Hello! I am currently on levothyroxine 50mcg for some form of hypothyroidism, it does feel a bit Hashimoto-style, although my antibodies are normal. But what makes me wonder alot is this weird internal vibration, which at the same time is a metallic taste/sensation in my mouth/tongue at the same time vibrating in my whole body, including head, brain, legs etc. It feels like electricity, shaking or buzzing, and it makes my vision vibrate also (if I watch blank wall it is like flashing vibration). This indeed feels very weird and makes me wonder what on earth it is! Can this happen from thyroxine?!

Sometime ago I accidentally took a bit extra thyroxine and the metallic taste got worse, so I started to suspect thyroxine. But I might get metallic taste from foods too, and very weird adrenaline surge reactions to certain foods. This sensation also includes a sensation of nervous system being overdrive and hyperactive, and can cause panicky feelings. On top of this I have insomnia from the hyperactivity (which in turn worsens the vibration). I am going to test my thyroid soon, but I think it shows up slightly elevated TSH and normal T4.

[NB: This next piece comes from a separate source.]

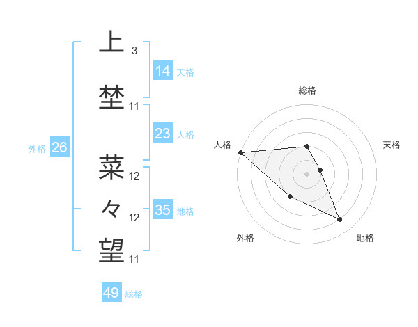 上埜 菜々望さんを姓名の画数から五運を鑑定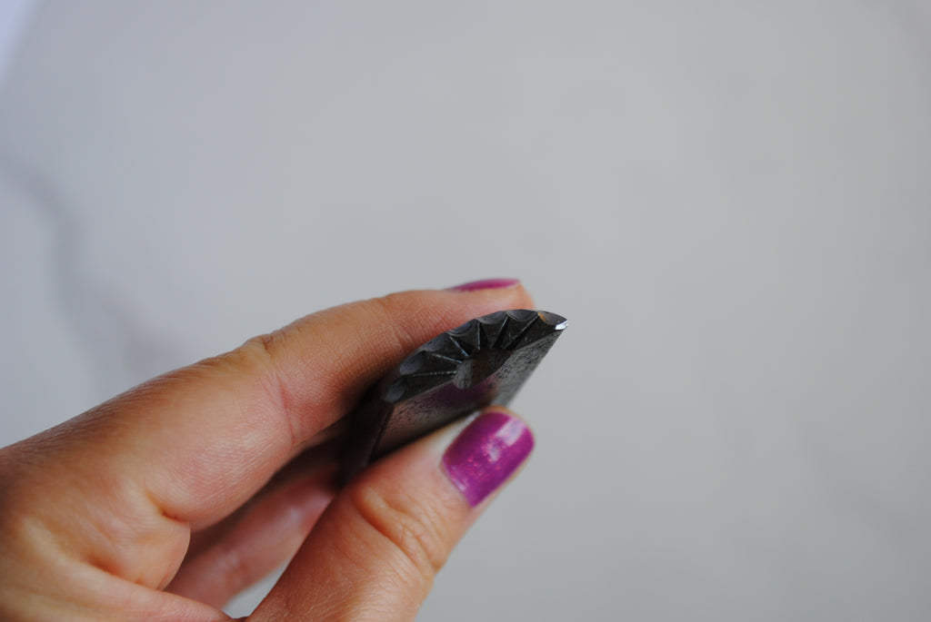 One metal stamp, the width of the stamp is approx. 1 inch. Please note that one end of the stamp is damaged, the pattern is slightly smushed (see second photo for the area circled in red). Final sale. Thank you!

Anyone with similiar sensations? Thanks for reading!


----------



## joplin1975 (Jul 21, 2011)

How long have you been on the levo? What do your labs look like?


----------



## Lovlkn (Dec 20, 2009)

Do you consume any particular food or supplement in large quantities?


----------



## lemonbalm (Mar 9, 2018)

joplin1975 said:


> How long have you been on the levo? What do your labs look like?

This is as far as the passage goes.